I want to make sure I don't mess up being entered or miss any kind of etiquette or anything. It seems like all I have to do is send in the one form and a check? Only the last page needs to be filled out and sent in, right? And since she needs to be measured, I check that box and would I not circle the jump height? I am sure she's not over 22" so can I just circle the 20" jump height as well as checking the box? Do we need to show up early to be measured, it just says it needs to be done "prior to running"? Anything else I need or should know?
http://www.lyndatjarksagility.com/modules/agilitySec/files//premium/2128.pdf


----------



## Shaina (Oct 28, 2007)

Yes, just that last page, both sides.

You check the measuring box and circle the jump height you think you are going to be in so they can put you in the running order. If it ends up being different then you just notify the trial secretary and they will move you before your run.

And yes you just need to be measured prior to running. When that's done varies by trial...some will only measure first thing in the morning, some later in the day...sometimes the judge is the only VMO or there is no VMO in which case the judge has to be the one measuring...if that's the case then measuring is only done when she has free time. Other trials have multiple VMOs which make it easier. Best way is to just email the trial secretary to be sure.

With a two-ring trial I assume one of the rings will be starting with Novice, so you'll probably have to be there first thing, get measured, then run.


----------



## Indigo (Mar 31, 2011)

O premium lists, so many of you have I filled out...

Show up early, if you can stand it maybe 15-20mins before runs are supposed to start so that the judge isn't busy setting up courses. Check in -- there is a tent or table where they will take attendance (for AAC agility they check your registration card as well) and usually give you your number, course maps, running order and such, and if they don't offer to measure your dog at this time, ask them when they measure new dogs.

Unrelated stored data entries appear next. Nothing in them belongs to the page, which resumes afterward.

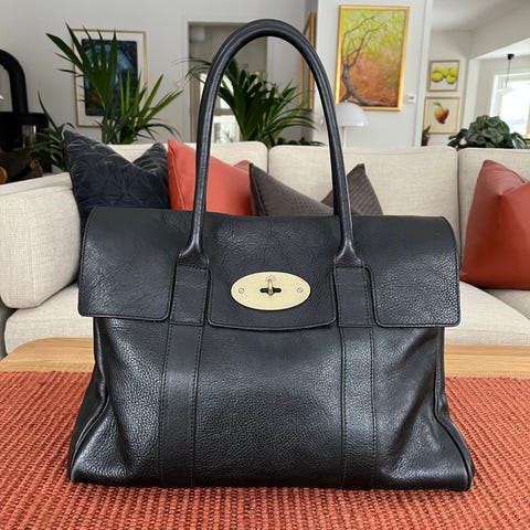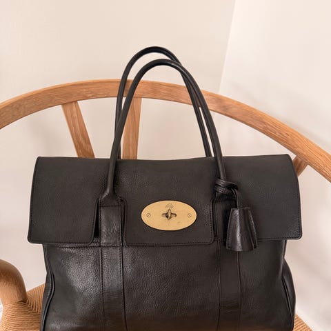Mulberry skinnveske for dame i svart lær. Vesken har doble hanker for bæring i hånden eller over skulderen. Den lukkes med karakteristisk metallås i gullfarge på fronten. Laget i strukturert skinn med enkel sømdetalj på baksiden. Innvendig hovedrom egnet til daglig bruk, med plass til personlige eiendeler som lommebok, mobil og småting. Passer som hverdagsveske eller jobbveske for dame. Kjøpt på Selfridges i London. Kvitteringen har dessverre forsvunnet i flytting.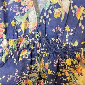 Zimmermann Zinnia Shirred Waist Floral Linen Dress Cobalt Blue Womens 2 / US M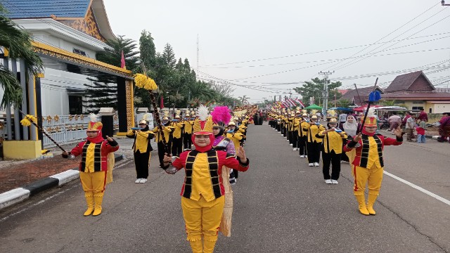 Drum Band Gelora Nada SMPN 1 Teluk Kuantan Tampil Memukau Iringi Pembukaan MTQ Provinsi Ke-43 di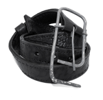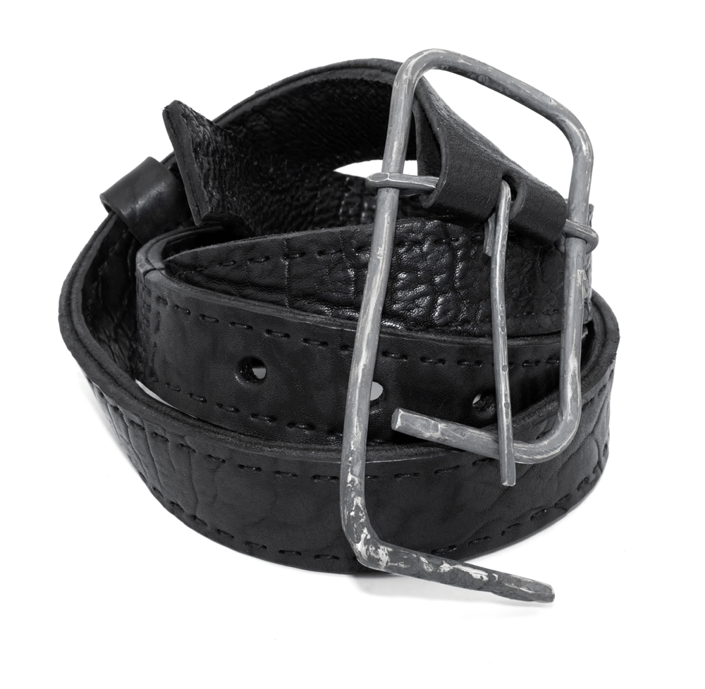 This double-layered belt is entirely handcrafted from 3mm vegetable-tanned horse culatta leather, washed, tumbled, and hand-dyed in a deep matte black “rotten corpse” finish — a surface alive with depth, grain, and tonal irregularity.
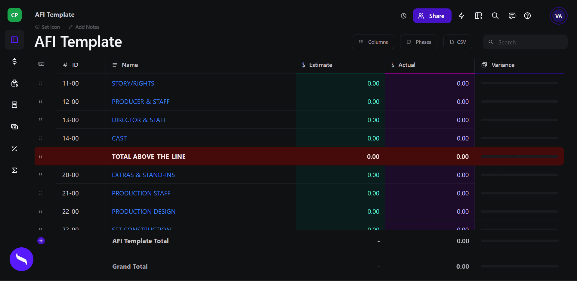 By utilizing the AFI Budget Template, filmmakers can create a robust financial framework for their projects. The template's structure encourages thorough consideration of every budget line item, from pre-production through post-production. This level of detail supports informed decision-making and contributes to the overall financial health of the production: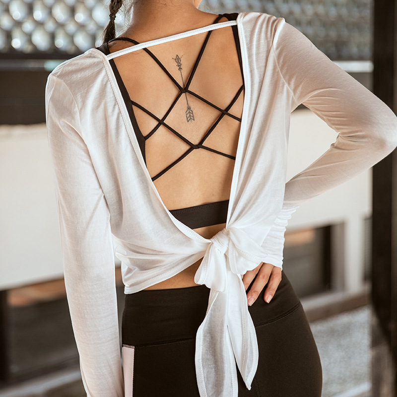 Cross-border New Open Back Tie-up Yoga Suit Women’s Long-sleeved Running Yoga Top Slim-fit Beauty Back Long-sleeved T-shirt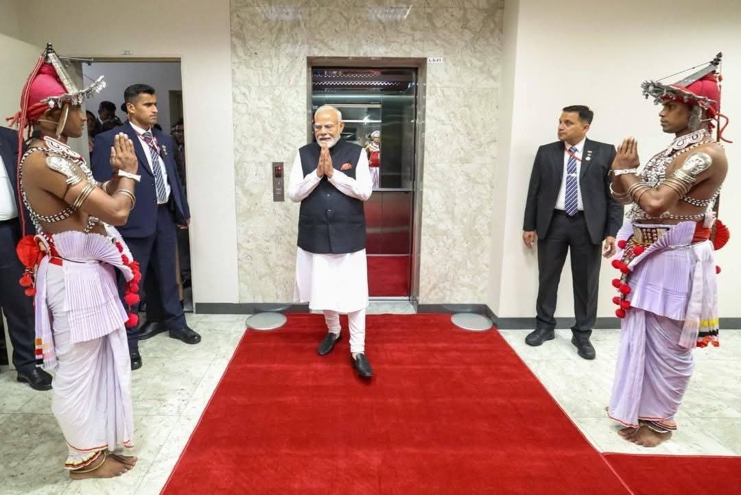 வெளிநாட்டு அலுவல்கள், வெளிநாட்டு வேலைவாய்ப்பு மற்றும் சுற்றுலாத்துறை அமைச்சர் விஜித ஹேரத், சுகாதாரம் மற்றும் ஊடக அமைச்சர் நலிந்த ஜயதிஸ்ஸ, மீன்பிடி, நீரியல் மற்றும் கடல் வள அமைச்சர் ராமலிங்கம் சந்திரஸேகர், மகளிர் மற்றும் சிறுவர் விவகார அமைச்சர் சரோஜா சாவித்திரி போல்ராஜ், விஞ்ஞானம் மற்றும் தொழில்நுட்ப அமைச்சர் கிரிஷாந்த அபேசேன மற்றும் பொருளாதார அபிவிருத்தி பிரதி அமைச்சர் அனில் ஜயந்த பெர்னாண்டோ ஆகியோரால், பிரதமர் ஸ்ரீ நரேந்திர மோடி மற்றும் இராஜதந்திரிகள் குழுவினருக்கு சிறப்பு வரவேற்பு அளிக்கப்பட்டது.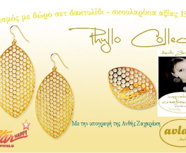 Τα χειροποίητα κοσμήματα Αυλαία και το HappyStar σας κάνουν δώρο 1 σετ σκουλαρίκια και δαχτυλίδι από τη σειρά Phyllo Collection, συνολικής αξίας 156 ευρώ με την υπογραφή της Ανθής Ζαχαράκη.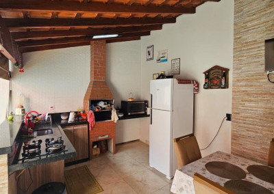 Área de lazer completa com cozinha planejada, pia e churrasqueira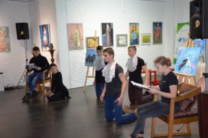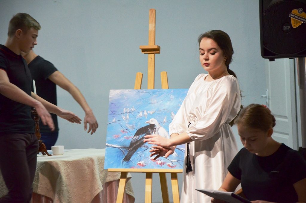 – Ми працювали над етюдом про білу ворону – людину, що не така, як усі, виділяється в суспільстві. Відчути роль і донести її суть до читача через образ птаха, оцю білу ворону – найскладніше, – ділиться Анастасія. – Важко було обіграти всі деталі, щоб образ був повним і цілим. Але, думаю, за чотири дні нам удалося зробити дуже багато.
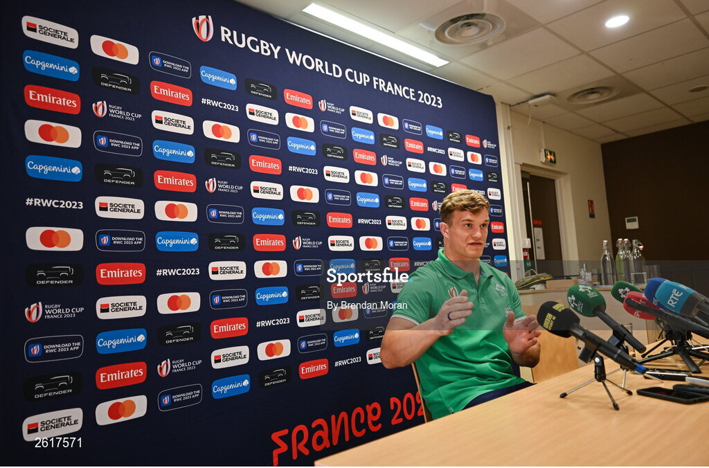 5 September 2023; Josh van der Flier during an Ireland rugby media conference at Tours Town Hall in Tours, France. Photo by Brendan Moran/Sportsfile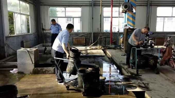 沉淀池的功能主要是將駕駛員涮洗拖把用過的廢水經(jīng)進一步沉淀后再用作沖刷車場的公共廁所,這也是車隊厲行節(jié)儉、廢水二次利用的舉措之一。由于車輛保潔的需要,每天涮拖把不計其數(shù),致使沉淀池內(nèi)的水渾濁而散發(fā)著刺鼻的氣味,池底也積淀了半米之厚的黑色污泥,所以,每年度的開春之后都得進行一次清理。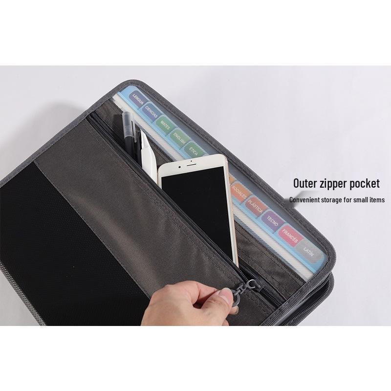 A4 Double Zipper Accordion File Bag, 13-Pocket Waterproof Student Folder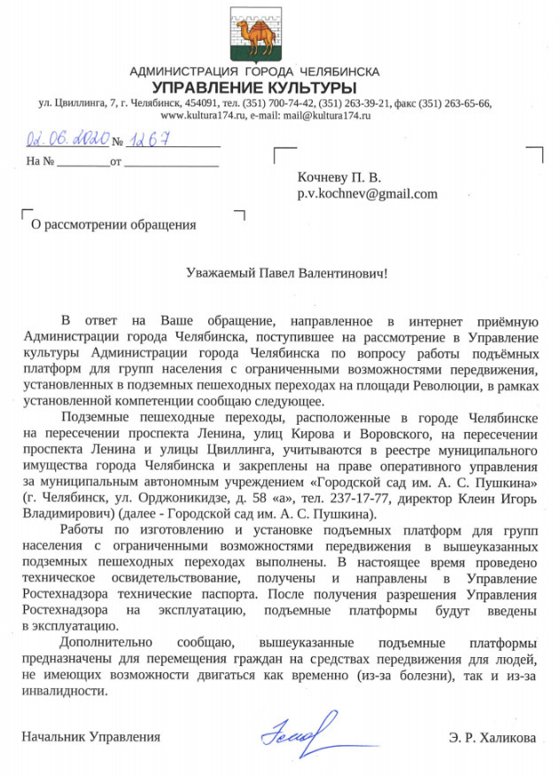 Житель Челябинска Павел Кочнев отправил обращение в интернет приёмную Администрации г. Челябинск. Он хотел узнать, когда заработают подъёмные платформы в подземных переходах в центре города.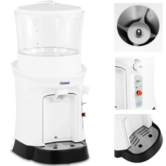 Kruszarka do lodu marki Royal Catering jest niezbędna w barach, kawiarniach lub restauracjach, które oferują różnego rodzaje napoje tworzone na bazie lodu. Urządzenie idealnie nadaje się do ciągłego użytkowania. Wszystkie wrażliwe elementy kruszarki zostały wykonane z wysokiej jakości stali nierdzewnej, natomiast obudowa, wylewka i pokrywa zostały wykonane z wytrzymałego tworzywa sztucznego. Dzięki mocy400 W urządzenie działa z prędkością do 320 obr./min, a ostrze ze stali nierdzewnej niezawodnie kruszy duże ilości kostek lodu, które wkłada się do pojemnika o pojemności 12 l, również wykonanego ze stali nierdzewnej. Gotowy pokruszony lód szybko wypada przed duży dziobek. Bezpieczeństwo użytkowania zapewnia system automatycznego wyłączania w chwili otwarcia pokrywy, dzięki czemu pokaleczenie się podczas wytwarzania lodu jest zniwelowane. Dodatkowo antypoślizgowe gumowe nóżki zapewniają bezpieczną podstawę i zapobiegają zarysowaniu powierzchni przy intensywnym użytkowaniu.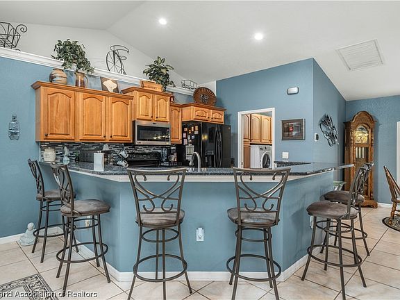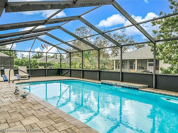 custom painted circle driveway, skeeter beater screen on garage door, and a water fountain to top it off. Built in 2004, the interior has plenty of space with 2,052 living square feet and plenty of lighting with a large sliding glass doors going out to the patio and pool space, tall ceiling and skylights. Tile floors throughout the home, custom shutters and ceiling fans in every room. The large and open kitchen has granite countertops, stainless steel and black appliances and long bar for entertaining. Laundry room off the kitchen with storage cabinets. Master suite has lots of space, with tile floors, a skylight for the best lighting and two walk in closets. Master bathroom has his and her vanities, tiled shower and a jetted tub. This home is a split floor plan so guest rooms are on the other side of the house. They feature tile floors, ceiling fans and custom shutters. Guest bathroom has granite countertops, tile floors and tiled shower with glass door. The outdoor space is ready to take entertaining outside featuring a caged in solar heated salt water pool and covered patio plus a 14' x 14' BBQ area. Even has two skeeter beaters to be able to close off the patio area. Three car garage has great storage and painted floors. As you can see this home has it all! Set up your showing you will be impressed.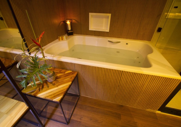 - 1 suíte com vista para o paredão, cama queen size, roupas de cama de alta qualidade, banheira de hidromassagem, secador de cabelo, amenities especiais.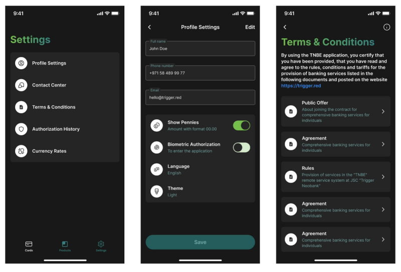 Interface Constructor allows users to easily configure the interface both for iOS and Android apps. Trigger Neobank Engine renders the JSON into beautiful screens that can be instantly changed without the need to update the app on App Store or Google Play market.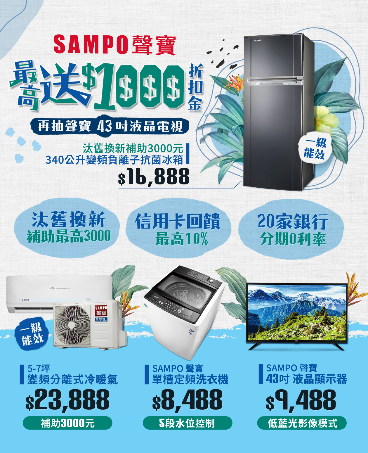 - 活動說明:活動期間凡購買聲寶指定品項(電視/冰箱/洗衣機/冷氣)消費單筆訂單累積發票金額滿以下條件並於表單登記相關資料,符合資格者可獲得折扣金抽獎資格,滿$ 10,000元(含)以上,抽$1,000元折扣金,每個會員限得乙次,恕不累贈。消費完成需於活動頁登記才符合活動資格,未登記完成恕不符合活動資格。(登記抽10名)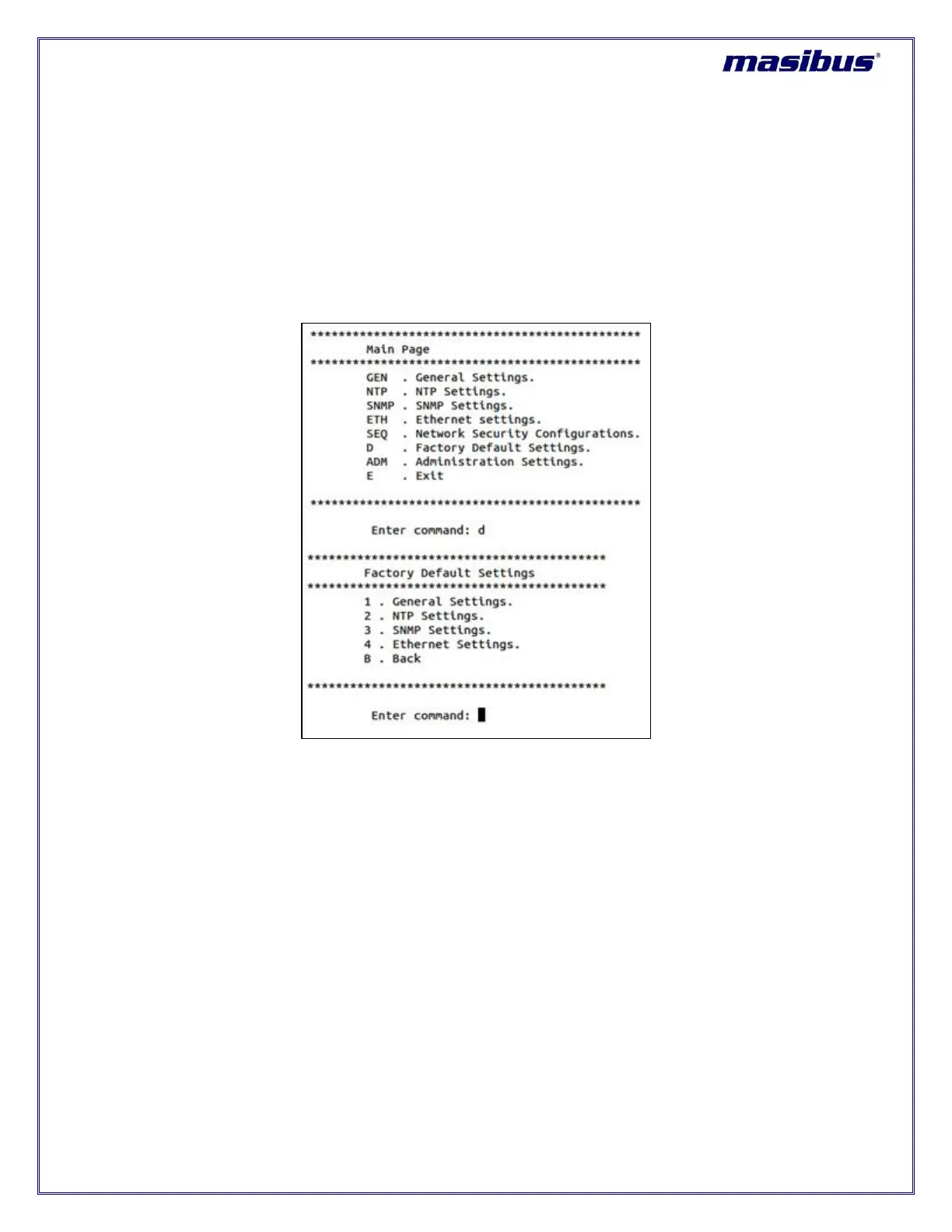 If user wants to change general setting to factory default, user should give “1” in command and then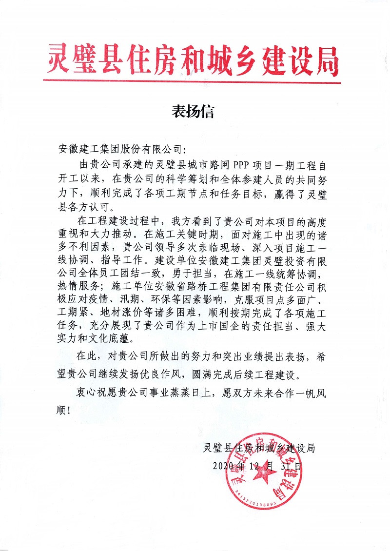 12月31日,靈璧縣住房和城鄉(xiāng)建設局向安徽建工集團股份有限公司發(fā)來表揚信,高度贊揚了公司投資建設的靈璧縣城市路網(wǎng)PPP項目一期工程2020年取得的優(yōu)異成績,充分肯定安徽建工的建設實力、責任擔當和良好企業(yè)形象。

People at agility are usually friendly and helpful to newcomers, so don't be afraid to ask.


----------



## GottaLuvMutts (Jun 1, 2009)

What venue is this? I ask because NADAC won't measure a dog if they're over a certain height. Kit was never measured because I put her in the 20+ category (where she belongs).


----------



## Shaina (Oct 28, 2007)

IIRC correctly, the trial premium linked is AKC so I assume that's the venue/trial being entered. In AKC you need at least one measurement regardless. If you go 24" jumps (>22" tall) you can waive your right to futher measurements. Otherwise you need at least two. And official measurements have to be by a VMO (some judges are VMOs some are not).

At a big trial like that,sometimes the check-in table is unmanned. You just find your name labels (pre-printed) but there should be someone around to ask about when/where to get measured. If no one looks official just ask a fellow competitor and they'll be happy to point you in the right direction


----------



## Sibe (Nov 21, 2010)

This is for AKC. Thank you all for your help, it's much appreciated!


----------



## GottaLuvMutts (Jun 1, 2009)

Shaina said:


> IIRC correctly, the trial premium linked is AKC so I assume that's the venue/trial being entered.


Ah, I missed the link completely. I don't know anything about AKC agility.


----------